# [Try it]
Using the entries below, return word for word the lines from the one containing "Il grande monumento" up to and including the last.

------

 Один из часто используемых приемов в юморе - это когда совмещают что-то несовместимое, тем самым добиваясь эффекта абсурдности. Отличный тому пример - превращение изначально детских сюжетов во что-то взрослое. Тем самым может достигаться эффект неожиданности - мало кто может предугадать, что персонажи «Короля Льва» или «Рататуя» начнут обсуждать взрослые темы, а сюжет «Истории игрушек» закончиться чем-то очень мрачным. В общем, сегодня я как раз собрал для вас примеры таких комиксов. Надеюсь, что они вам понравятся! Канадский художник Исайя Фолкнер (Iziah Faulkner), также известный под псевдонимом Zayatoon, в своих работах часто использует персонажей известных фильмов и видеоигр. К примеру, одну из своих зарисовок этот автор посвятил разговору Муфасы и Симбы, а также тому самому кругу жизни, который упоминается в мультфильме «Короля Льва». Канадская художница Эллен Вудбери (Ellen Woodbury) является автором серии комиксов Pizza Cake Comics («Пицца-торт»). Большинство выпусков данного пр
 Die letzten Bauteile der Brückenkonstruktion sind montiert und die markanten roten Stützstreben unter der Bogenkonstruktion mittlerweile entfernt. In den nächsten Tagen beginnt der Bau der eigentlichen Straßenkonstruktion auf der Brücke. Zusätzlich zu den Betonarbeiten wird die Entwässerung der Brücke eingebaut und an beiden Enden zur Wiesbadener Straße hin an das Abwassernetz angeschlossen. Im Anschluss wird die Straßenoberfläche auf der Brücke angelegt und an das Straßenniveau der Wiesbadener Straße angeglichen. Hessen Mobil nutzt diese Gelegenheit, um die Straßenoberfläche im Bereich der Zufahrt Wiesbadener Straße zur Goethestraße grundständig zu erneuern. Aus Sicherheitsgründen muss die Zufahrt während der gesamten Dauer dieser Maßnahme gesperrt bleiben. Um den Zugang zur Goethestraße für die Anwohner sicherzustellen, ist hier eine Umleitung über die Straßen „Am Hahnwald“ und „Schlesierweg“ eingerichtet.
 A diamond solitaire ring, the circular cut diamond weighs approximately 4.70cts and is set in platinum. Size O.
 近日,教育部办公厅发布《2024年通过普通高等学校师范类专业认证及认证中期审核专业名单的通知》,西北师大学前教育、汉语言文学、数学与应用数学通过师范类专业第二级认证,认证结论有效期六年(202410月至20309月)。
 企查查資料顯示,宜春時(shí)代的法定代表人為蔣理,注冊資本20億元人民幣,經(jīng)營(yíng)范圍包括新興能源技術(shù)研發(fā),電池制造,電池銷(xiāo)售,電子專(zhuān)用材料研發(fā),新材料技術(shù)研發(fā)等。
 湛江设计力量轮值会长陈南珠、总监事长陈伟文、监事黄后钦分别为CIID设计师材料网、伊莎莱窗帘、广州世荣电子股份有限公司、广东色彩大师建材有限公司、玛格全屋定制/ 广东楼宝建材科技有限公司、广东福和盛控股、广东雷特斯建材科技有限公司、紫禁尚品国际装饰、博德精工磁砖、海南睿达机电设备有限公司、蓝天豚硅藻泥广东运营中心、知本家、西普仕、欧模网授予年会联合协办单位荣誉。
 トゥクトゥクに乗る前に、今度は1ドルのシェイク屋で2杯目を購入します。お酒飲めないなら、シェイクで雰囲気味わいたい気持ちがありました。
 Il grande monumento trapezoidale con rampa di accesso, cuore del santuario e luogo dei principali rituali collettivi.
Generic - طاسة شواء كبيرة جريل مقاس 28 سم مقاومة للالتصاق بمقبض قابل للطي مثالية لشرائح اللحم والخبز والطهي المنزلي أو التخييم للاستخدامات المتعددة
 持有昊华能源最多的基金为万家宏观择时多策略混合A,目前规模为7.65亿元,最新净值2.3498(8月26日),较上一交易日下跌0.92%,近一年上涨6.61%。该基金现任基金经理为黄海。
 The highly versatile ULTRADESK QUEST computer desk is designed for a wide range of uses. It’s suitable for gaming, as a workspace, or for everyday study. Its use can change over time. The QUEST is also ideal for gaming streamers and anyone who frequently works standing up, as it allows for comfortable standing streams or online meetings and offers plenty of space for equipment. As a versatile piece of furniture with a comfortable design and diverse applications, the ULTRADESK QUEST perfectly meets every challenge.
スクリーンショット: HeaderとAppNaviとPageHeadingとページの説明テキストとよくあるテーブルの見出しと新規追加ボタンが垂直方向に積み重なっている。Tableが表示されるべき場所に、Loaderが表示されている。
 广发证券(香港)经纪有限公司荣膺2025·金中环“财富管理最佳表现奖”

------

# [Written solution]
 Il grande monumento trapezoidale con rampa di accesso, cuore del santuario e luogo dei principali rituali collettivi.
Generic - طاسة شواء كبيرة جريل مقاس 28 سم مقاومة للالتصاق بمقبض قابل للطي مثالية لشرائح اللحم والخبز والطهي المنزلي أو التخييم للاستخدامات المتعددة
 持有昊华能源最多的基金为万家宏观择时多策略混合A,目前规模为7.65亿元,最新净值2.3498(8月26日),较上一交易日下跌0.92%,近一年上涨6.61%。该基金现任基金经理为黄海。
 The highly versatile ULTRADESK QUEST computer desk is designed for a wide range of uses. It’s suitable for gaming, as a workspace, or for everyday study. Its use can change over time. The QUEST is also ideal for gaming streamers and anyone who frequently works standing up, as it allows for comfortable standing streams or online meetings and offers plenty of space for equipment. As a versatile piece of furniture with a comfortable design and diverse applications, the ULTRADESK QUEST perfectly meets every challenge.
スクリーンショット: HeaderとAppNaviとPageHeadingとページの説明テキストとよくあるテーブルの見出しと新規追加ボタンが垂直方向に積み重なっている。Tableが表示されるべき場所に、Loaderが表示されている。
 广发证券(香港)经纪有限公司荣膺2025·金中环“财富管理最佳表现奖”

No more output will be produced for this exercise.